Even at second hand, however, I would not presume to demonstrate the structure of "historical revolutions" (though the term has been applied to the Romantic age by Acton and Thierry, among others). For one thing, I am persuaded that the intellectual continuities between the new and the old history were too extensive even for unqualified claims of "novelty," not to speak of "revolutionary" advance. More important, perhaps, devotees of the new history of the Restoration period quite consciously took insights and inspiration from presumably outmoded authors, not only earlier innovators like Vico and Herder but also pre-"scientific" scholars of the Renaissance like Poliziano and Cujas. In any case, what is a controversial thesis even for the "hard" sciences can hardly be more than vaguely suggestive for a humanistic field like historiography and for a "new history" whose provenance was as much literary as philosophical, inspired as directly by Walter Scott and Chateaubriand as by Herder and Vico. My concern here is mainly to clarify the pattern of historical investigation and interpretation in the postrevolutionary age and to reveal what I believe to be the roots of that "scientific" history usually attributed to a later period. In particular, the establishment of institutional history on a solid and exhaustive documentary basis was accomplished in the environment, so to speak, not of Realism but of Romanticism, as indeed professional historians of the later nineteenth century were disposed to acknowledge.

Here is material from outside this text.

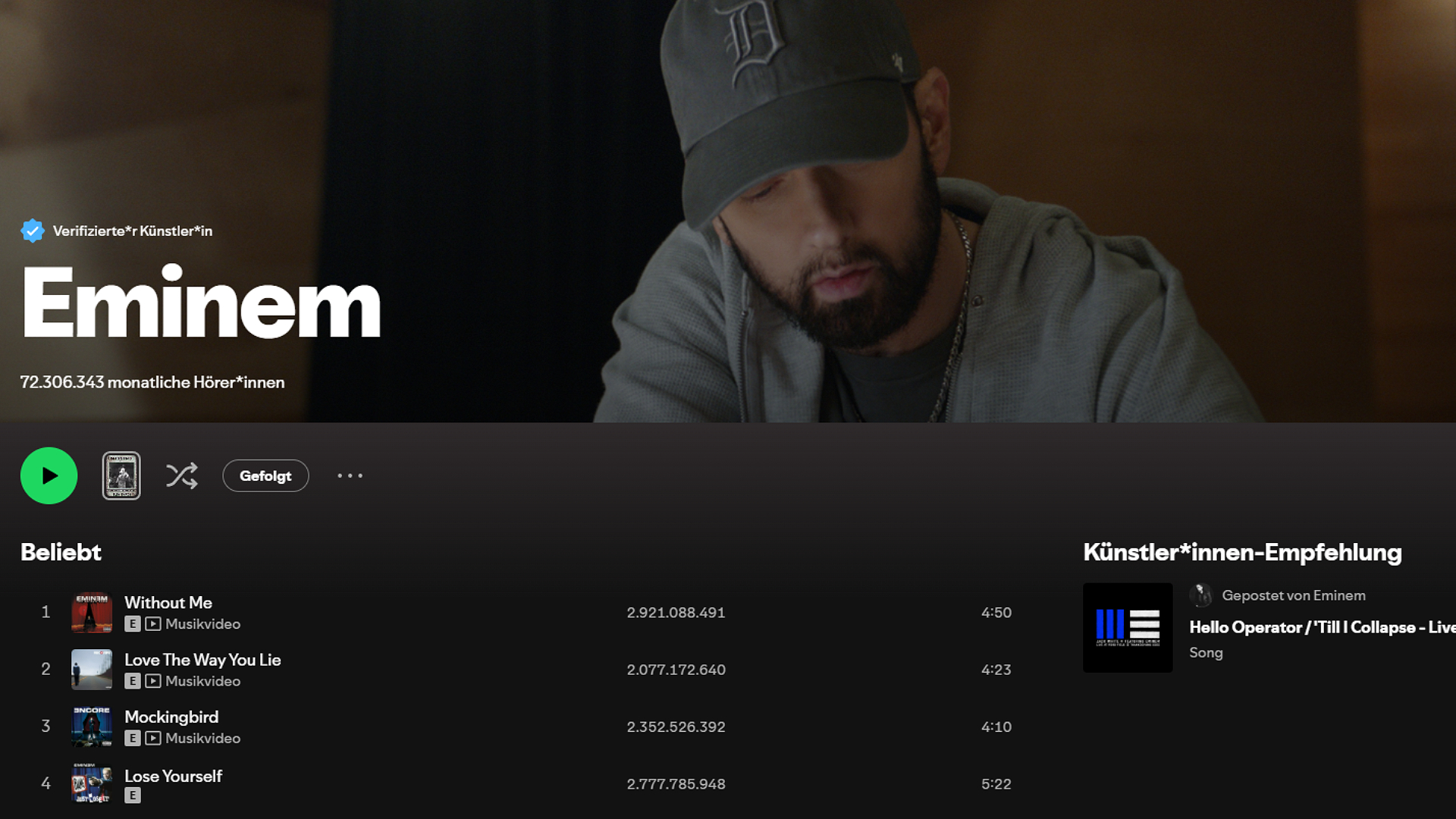 Meistgestreamte Künstler Spotify Eminem

Another distinction given currency in the debates over Kuhn's thesis — though in fact it was well established in the Romantic age and is traceable back at least to Leibniz — is that between "externalist" and "internalist" history. Here I hope to throw some light on both aspects. For what early nineteenth-century historians called "external history" I offer discussions of the political, institutional, legal, and social heritage of the Revolution of 1789; of some of the relevant public issues, including the relationship between the legislative and the judiciary and the problems of private property; of the most articulate parts of the French intelligentsia, including lawyers and journalists as well as scholars; of the hopes, fears, and problems generated by the revolution of 1830; and of course of some of the principal published works associated with the new history. The "internal history" is represented by parallel discussions of conceptions of historical process and perspective, of continuity and change, of the interconnections between institutions, of the role of human values and human will, and especially of the doctrines of the German "historical schools." All of these factors go into an adequate account of a major intellectual transformation — if not "revolution" — which in the largest and most impressionistic terms is represented by the rise of "historicism," but is here defined more restrictedly as a fundamental stage in the development of modern historical scholarship.

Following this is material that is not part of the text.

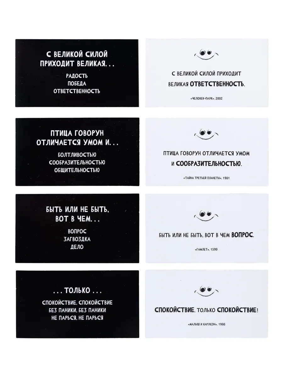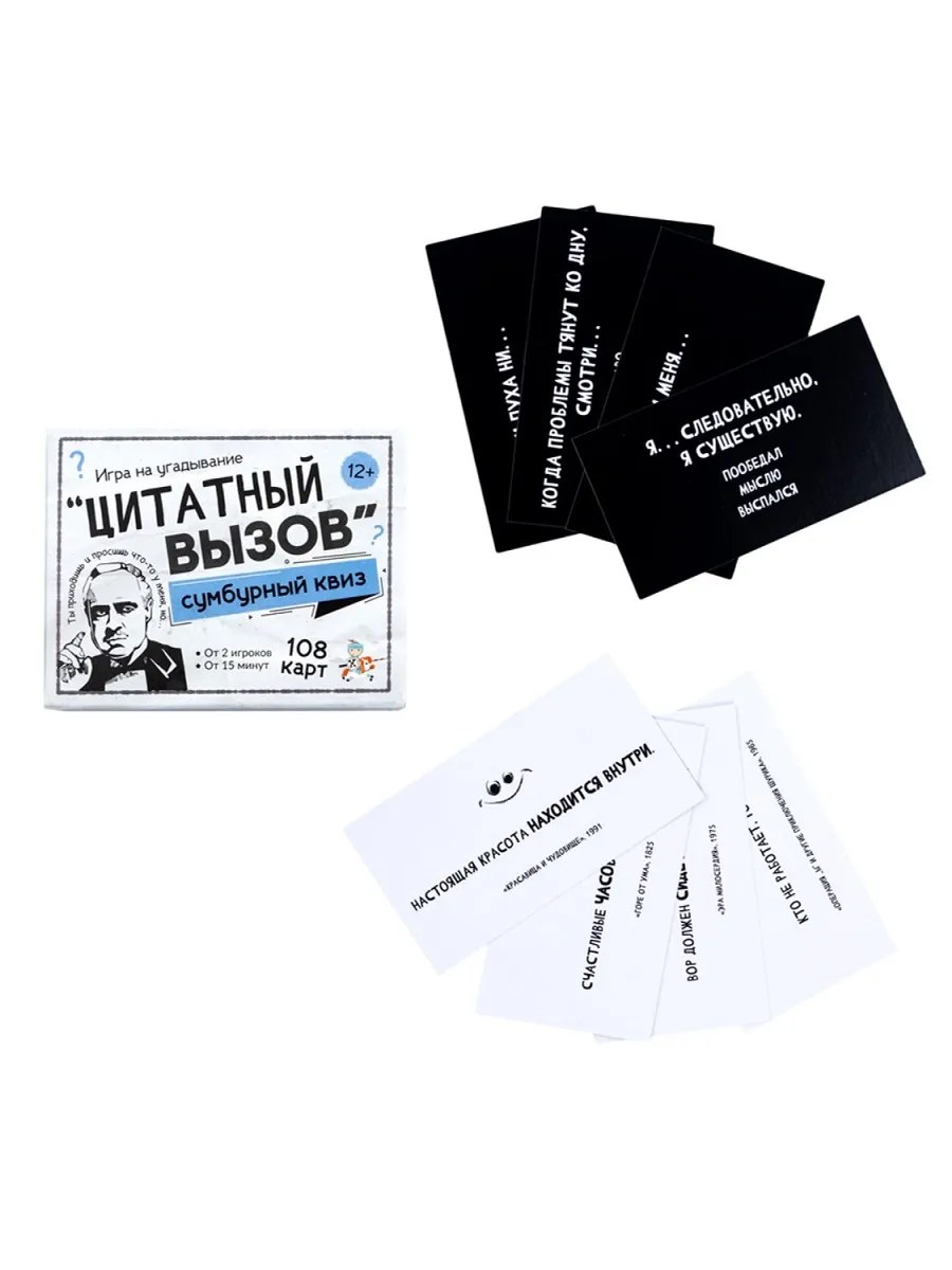 Настольная игра для большой компании "Сумбурный квиз. Цитатный вызов" - это интеллектуально-развлекательная игра, в которой игроки соревнуются в знании известных цитат.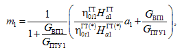 где m1 – увеличение расхода питательной воды при маневре ГЭУ за пределом ОМ (при закрытом КТ).

Before the Revolution, history had played at best an auxiliary role in social and ideological controversies. The language of analysis and debate was dominated by "three competing vocabularies," according to Keith Baker, who defines them respectively as "political discourse," corresponding to governmental and legislative will; "judicial discourse," which invoked ideals of justice; and "administrative discourse," which appealed to reason. Both defenders and opponents of the monarchy argued in these terms and within the "political culture" defined by them before 1789. A quarter of a century later, all three types of discourse seemed in a sense discredited, or at least exhausted. Royal "will" could never be fully resuscitated, administrative "reason" smacked of Bonapartism, and "justice" in any universal sense seemed a mockery to all but the direct beneficiaries of the Revolution, and even then only if they could maintain their share of the spoils. So a new language had to be devised to accommodate the issues of Restoration and the new confrontations provoked after 1815. History seemed a promising access to the common ground of social experience, though of course there were as many readings and "meanings" of history as there were interest groups. How could historical discourse be given a focus for such a variety of political interests? How could historical perspective give definition to the urgent questions, much less the answers, of the postrevolutionary age?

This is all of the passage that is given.